Robot collision detection device and method

Technical Field

The invention relates to a robot collision detection device and a collision detection method.

Background

The safety performance of the robot is of great importance in the human-computer interaction process, and the safety performance of the robot is directly determined by the machine collision detection capability. At present, the methods commonly adopted by robot collision detection can be divided into three methods, namely collision detection based on a current loop, collision detection based on a joint torque sensor and collision detection based on electronic skin. The collision detection based on the current loop is to estimate the external force applied to the robot by combining the torque feedback information of the current loop on the basis of identifying the dynamic model of the robot and judge whether the robot collides; the collision detection based on the joint torque sensor directly estimates the external force applied to the robot according to the feedback information of the joint torque sensor, and judges whether the robot collides; the electronic skin based collision detection is to estimate whether the robot is subjected to external force or not according to the detection information of the pressure sensor in the electronic skin on the surface of the robot and judge whether the robot collides or not.

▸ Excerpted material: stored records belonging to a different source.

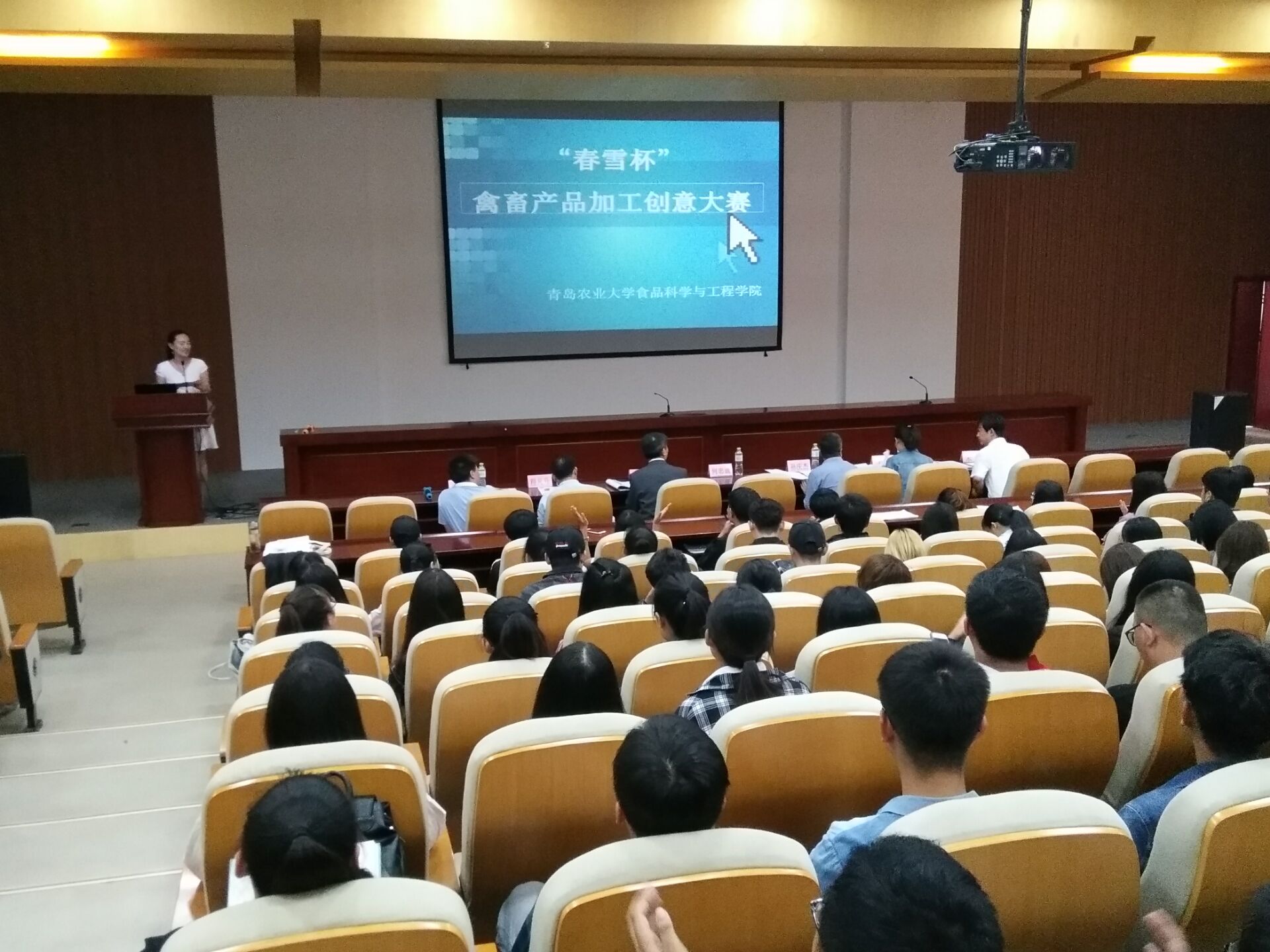 9月29日上午,食品科学与工程学院联合山东春雪食品有限公司共同举办的“春雪杯”禽畜产品加工创意大赛在学术会馆第二报告厅举行。山东春雪食品有限公司研发部徐建祥博士,食品学院党委书记何忠诚、院长王宝维、党委副书记宋伟、副院长孙庆杰、团委书记李永青、生物工程专业负责人谭海刚、农产品加工教研室主任吴昊、葡萄与葡萄酒工程专业负责人程凡升出席大赛并担任评委。
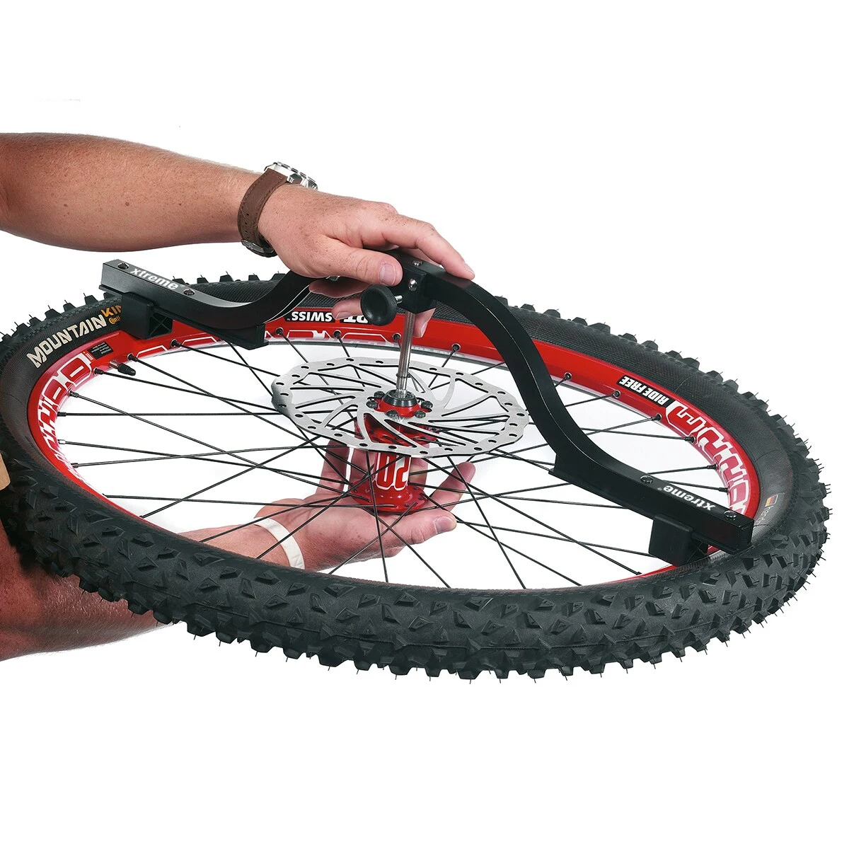 A centering gauge is indispensable for wheel building, but also just for re-centering – especially at the rear wheel, where asymmetric spoke dishes often pull the wheel off centre during centering. With the Xtreme Rundlauf, you can quickly check the concentricity of wheels, even without removing the tyres. This is particularly handy for a quick re-centering. However, it is important however to deflate the tyres.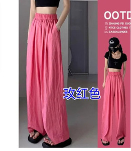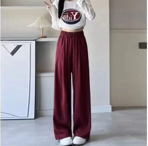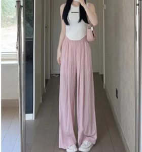 氷糸広腿ズボンの子供の夏の薄いタイプの高腰垂感カジュアルな日本の怠惰感山本ズボン綿感ストレートパンツ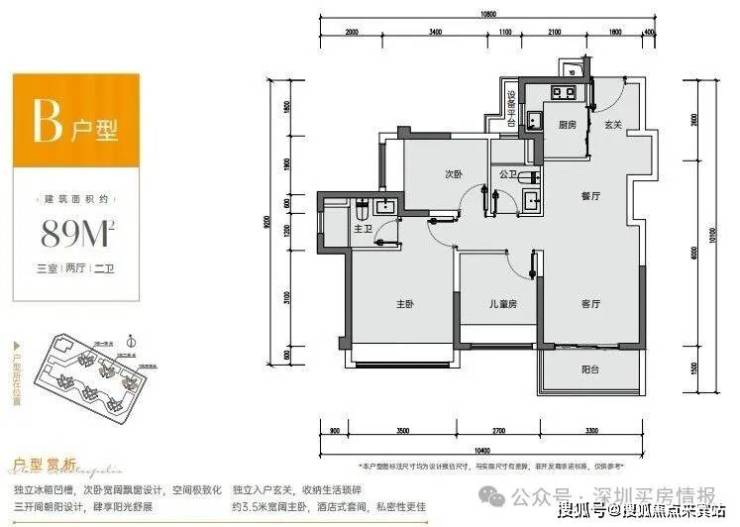 独立冰箱凹槽,宽阔飘窗设计,空间极致化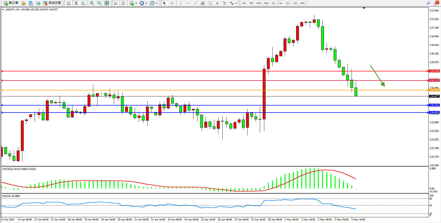 交易策略:134.906下方看跌,目标134.331  134.053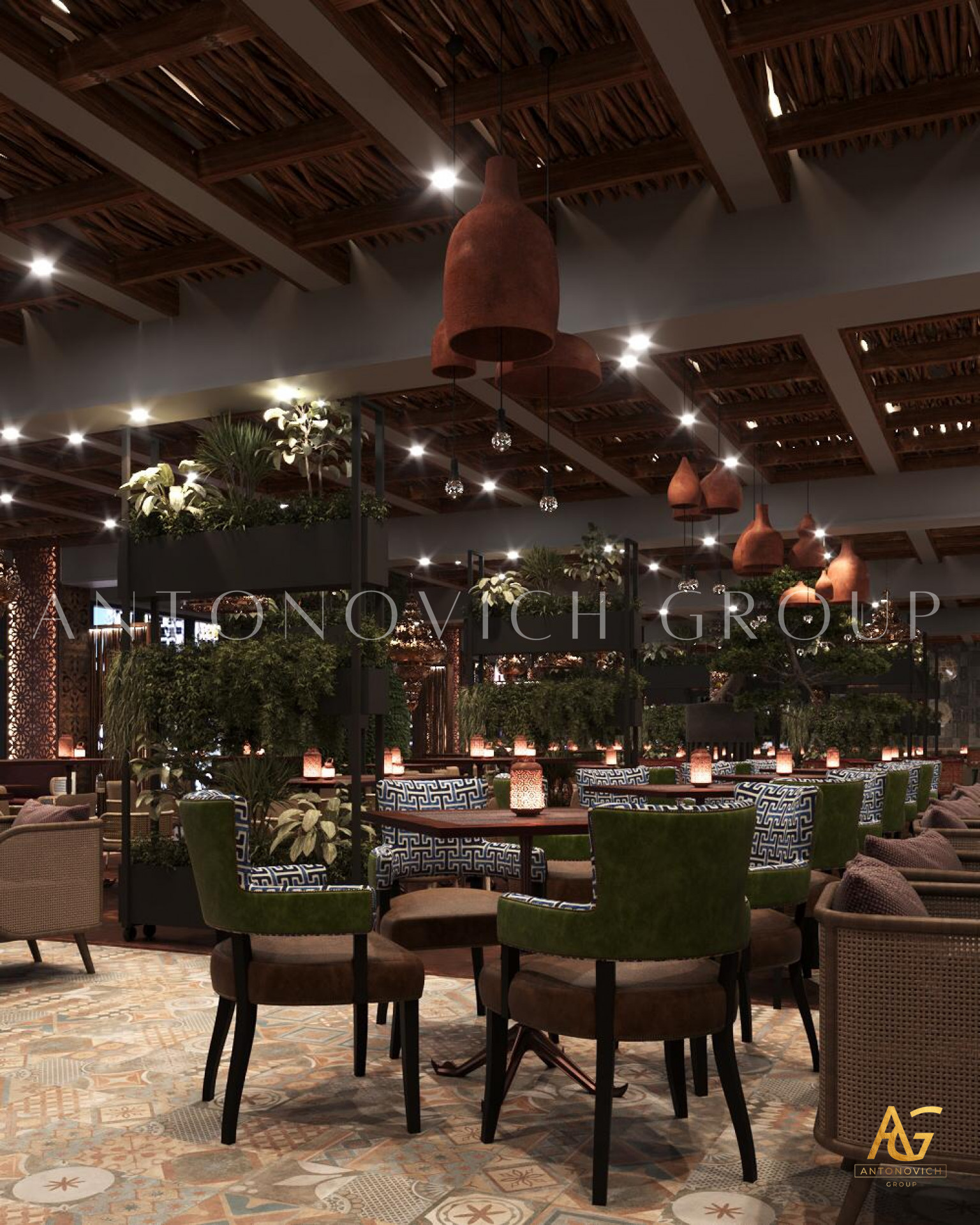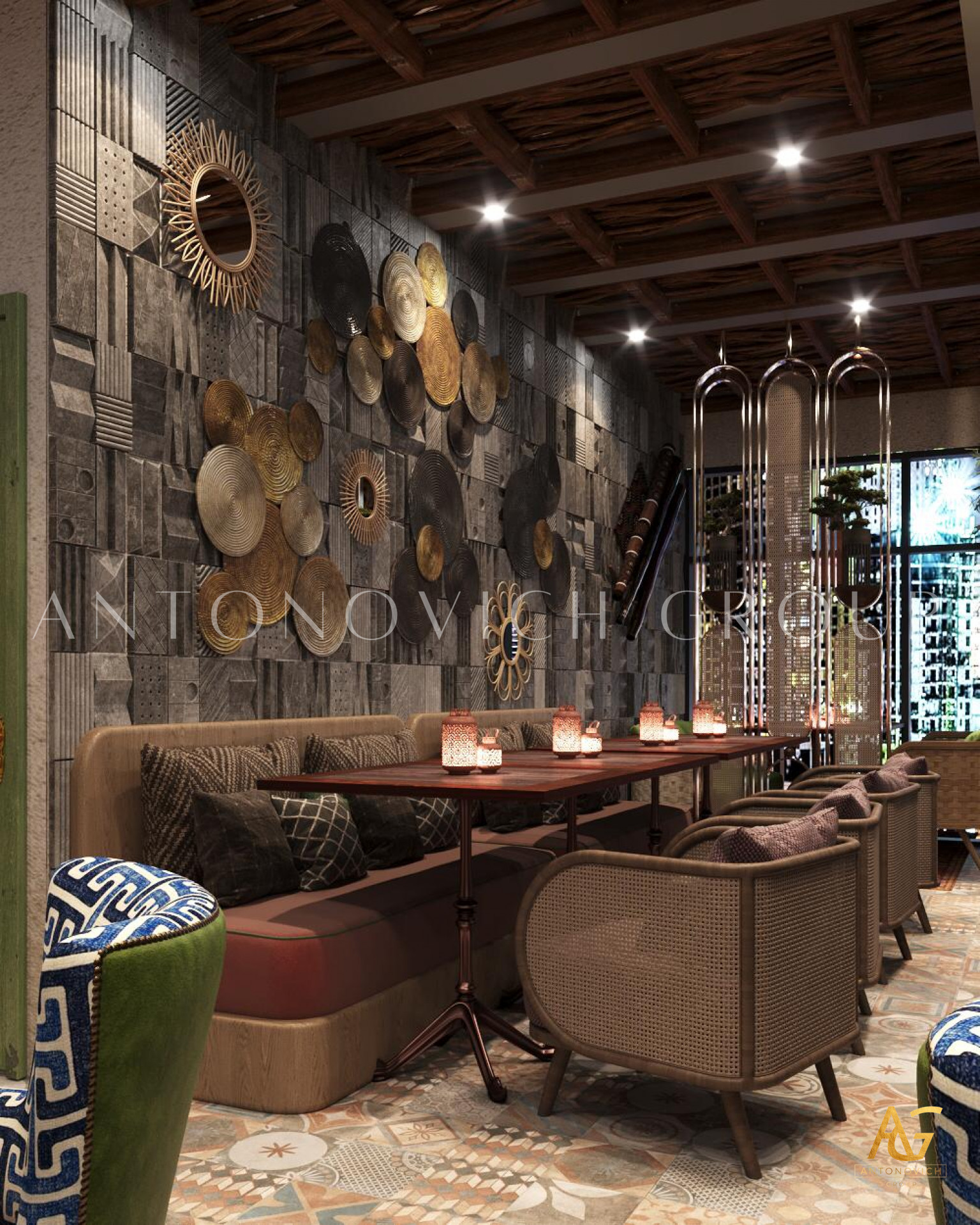 • Color Palette and Materials: The choice of colors and materials is pivotal in creating an inviting and luxurious dining space. Antonovich Group's designers incorporated a harmonious color palette, with rich jewel tones and gold accents, to create an atmosphere of warmth and opulence. High-quality materials such as marble, velvet, and crystal chandeliers were meticulously selected to enhance the restaurant's luxury quotient.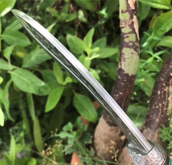 大马士革钢血刃狗腿刀 全长:26.5cm 刃长:14.5cm 柄长:12cm 刃厚:4.8cm 刃宽: 4.cm 刃材: 大马士革钢 柄材: 钢头+蓝松石黑檀木 硬度: 59HRC 净重:450克(含包装) 其他:皮套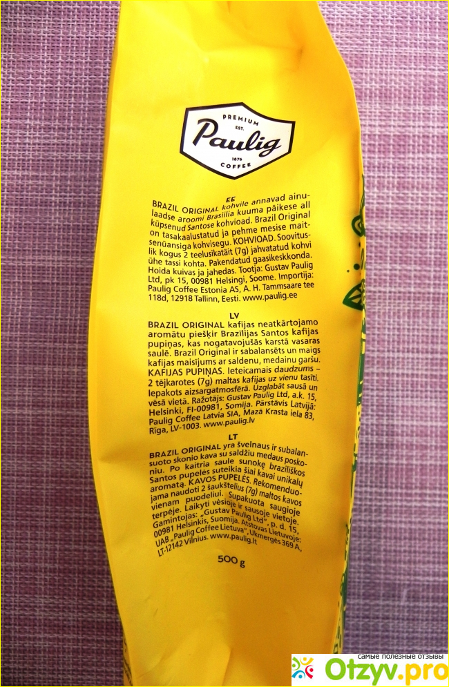 Поскольку мы живем близко к границе со скандинавскими государствами, проблем нет с приобретением различного рода продуктов, хотя сейчас практически в любом городе их можно заказать на дом. Наш кофе не стал исключением - Paulig Brazil привезен по заказу.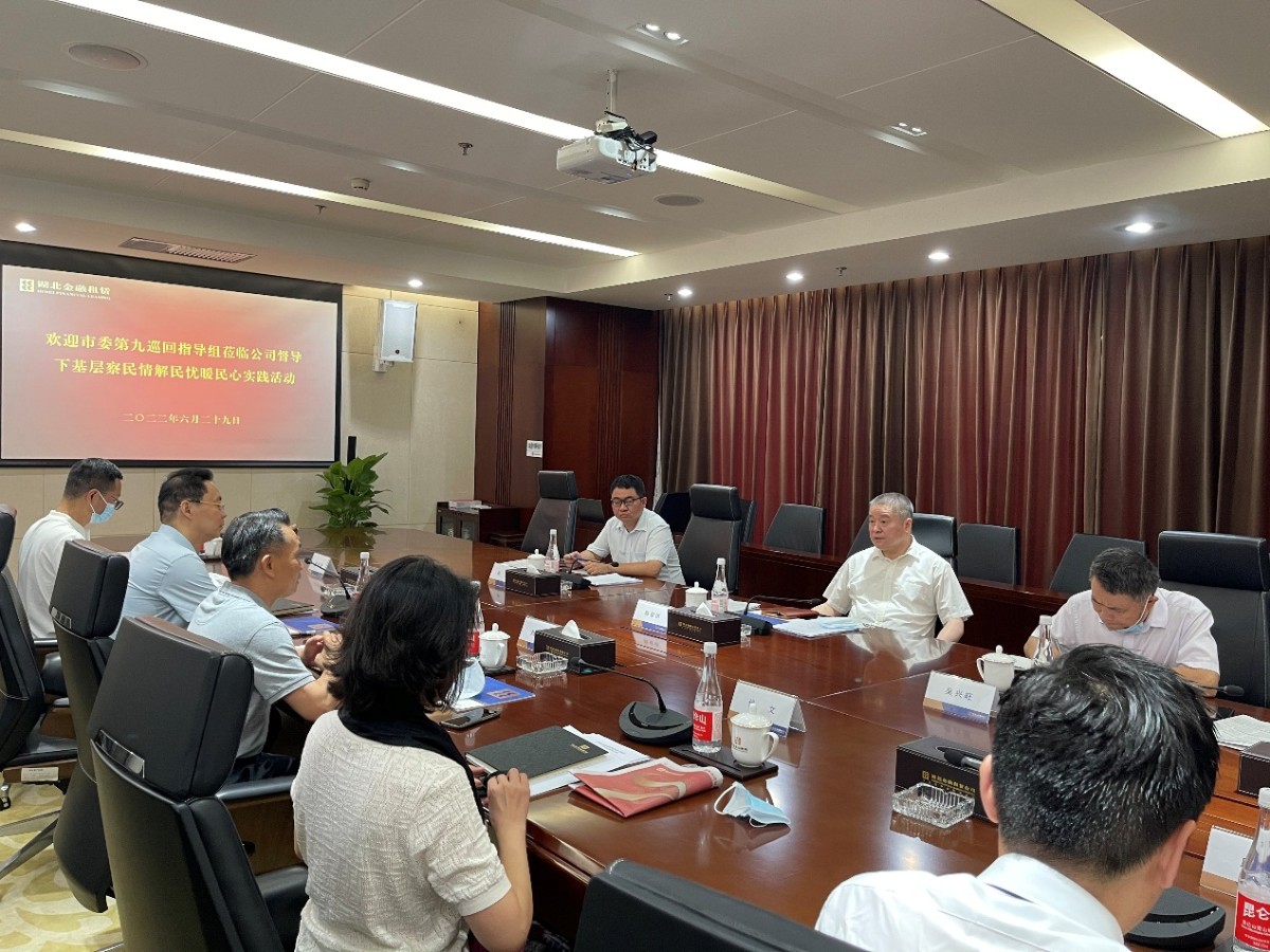 6月27日、29日,市委第九巡回指导组组长陈祖信一行分别前往集团下属国通信托、湖北金租公司,调研指导集团党员干部下基层察民情解民忧暖民心实践活动开展情况,重点了解集团领导在基层联系点调研和帮扶情况、“三张清单”收集情况、查看相关资料台账等。

However, since the complex kinetic model of the robot is difficult to be accurately identified, the current loop-based collision detection method has low sensitivity and reliability. In addition, since the torque sensor and the electronic skin are expensive, the cost will be sharply increased when they are used in a robot in large quantities, and thus it is difficult to widely apply the joint torque sensor-based collision detection and the electronic skin-based collision detection method.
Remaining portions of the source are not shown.